Americans' grasp of civics falters on Jan. 6 question

For years, a respected annual survey of civics knowledge among American adults has provided mocking headlines about the low percentage who can't correctly name basic constitutional rights or the three branches of government.

The 2021 results are in and more can name the executive, judiciary and legislative branches than at any other time in the survey's 15-year history (though plenty still can't). But the bigger news is on a question about the deadly Jan. 6 insurrection at the U.S. Capitol, staged by supporters of former president Donald Trump trying to stop Congress from certifying Joe Biden's presidential election victory.

Respondents of the annual Constitution Day Civics Survey by the Annenberg Public Policy Center of the University of Pennsylvania were asked whether arresting people who entered the Capitol to disrupt the certification of the presidential election violated the Constitution.
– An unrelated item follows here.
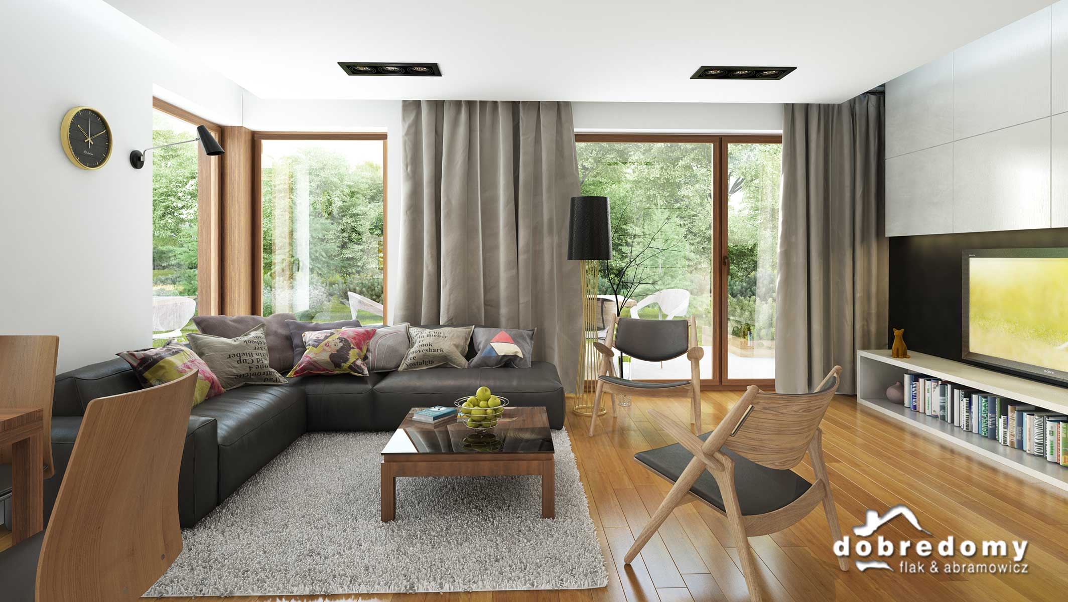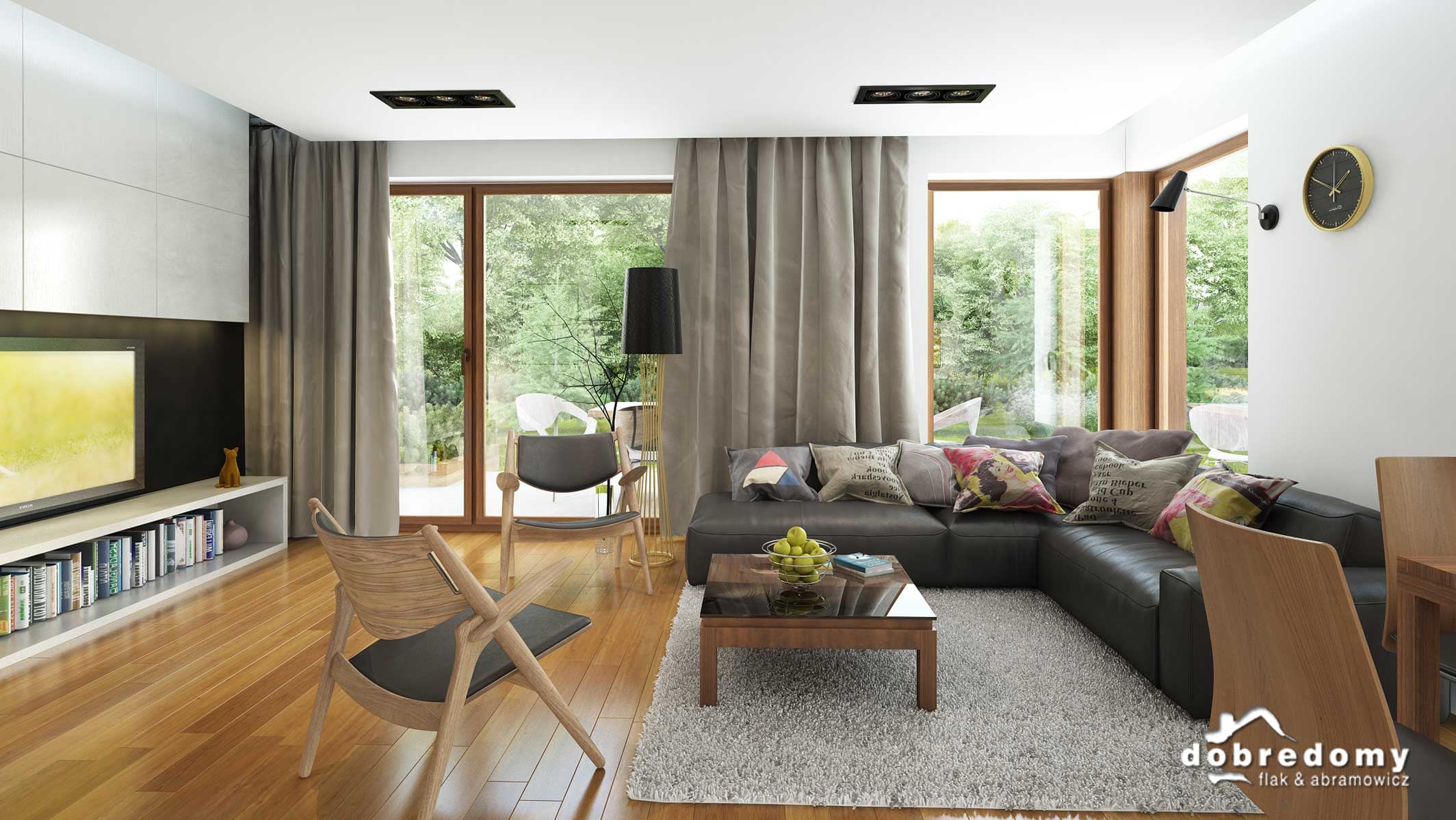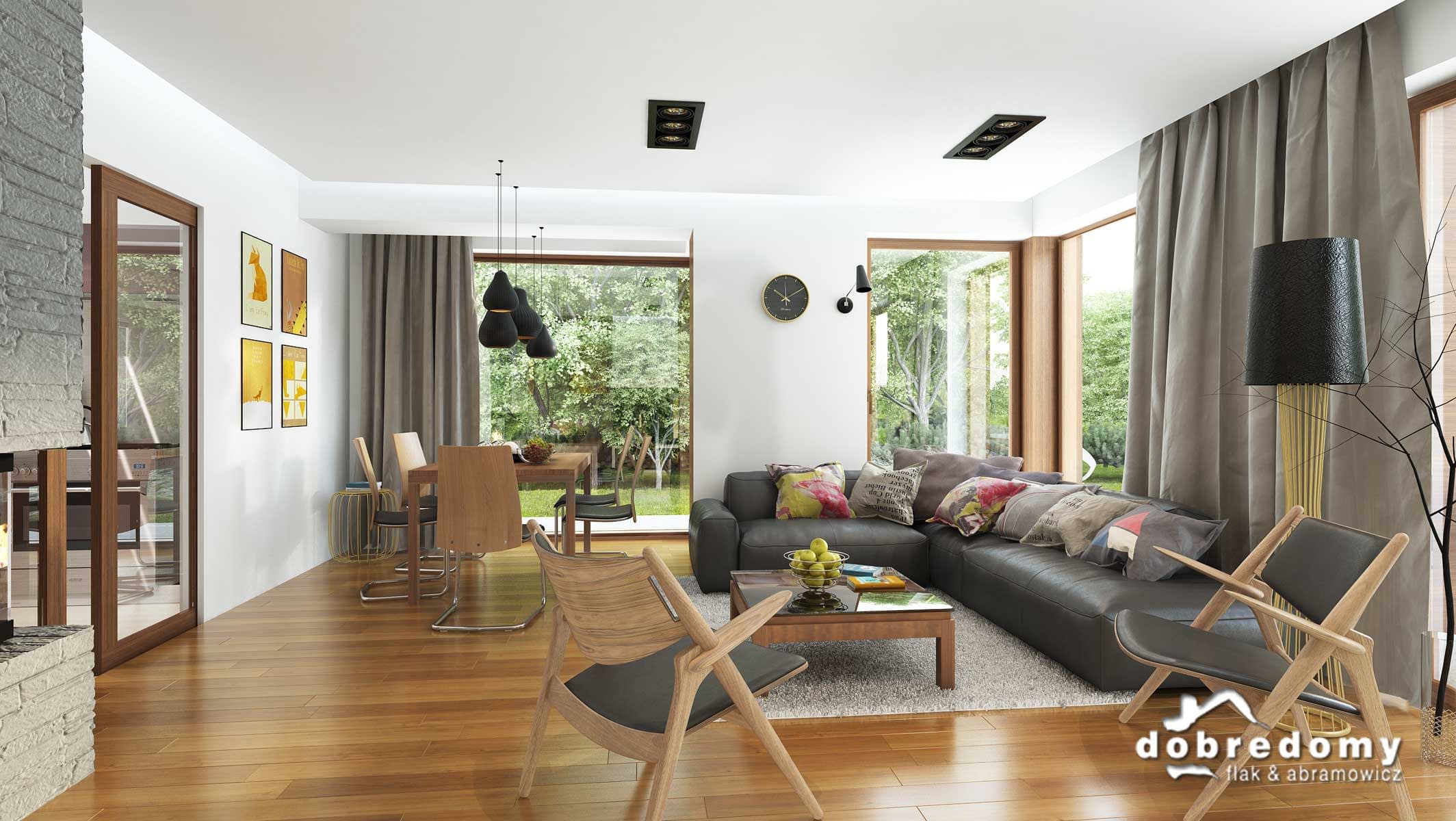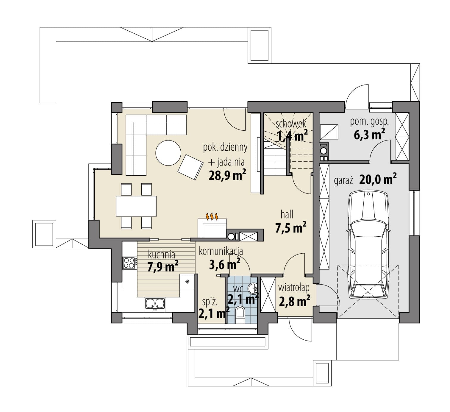Projekt jednorodzinnego domu parterowego z poddaszem użytkowym i garażem 1-stanowiskowym, przeznaczony dla rodziny 4-5-osobowej. Układ funkcjonalny parteru obejmuje strefę dzienną (salon połączony z jadalnią i osobna kuchnia) oraz gospodarczą (garaż i pom. gosp.). Dodatkowe pomieszczenia na tej kondygnacji to: spiżarnia, wc, schowek. Na poddaszu zlokalizowano strefę nocną (3 sypialnie i łazienka).

The sobering results: 49% said that arresting insurrectionists violated the Constitution because the insurrectionists were only exercising their constitutional right to petition the government for redress of grievances. The breakdown who agreed with this statement: 53% of self-identified conservatives, 51% of self-identified moderates and 42% of self-described liberals.

An equal percentage of survey respondents, 49%, said the statement was not accurate and that arresting the insurrectionists did not violate the Constitution.

"It is a sad commentary on the public's civic literacy that half of the public considers an effort to disrupt the certification of an election an exercise of a First Amendment right," said Kathleen Hall Jamieson, director of the Annenberg Center.

Here are more results from the survey:

• Fifty-six percent of U.S. adults correctly named all three branches of government (executive, judicial, legislative), up from 26% in 2016, and the highest since the survey began in 2006. (That means that in 2021, a not insignificant 44% couldn't name them. That would apparently include Tommy Tuberville, a former Auburn football coach who, last November, had just been elected to the U.S. Senate in Alabama and talked publicly about the three branches of the federal government but misidentified them, saying "Our government wasn't set up for one group to have all three branches of government ... You know, the House, the Senate, and the executive." )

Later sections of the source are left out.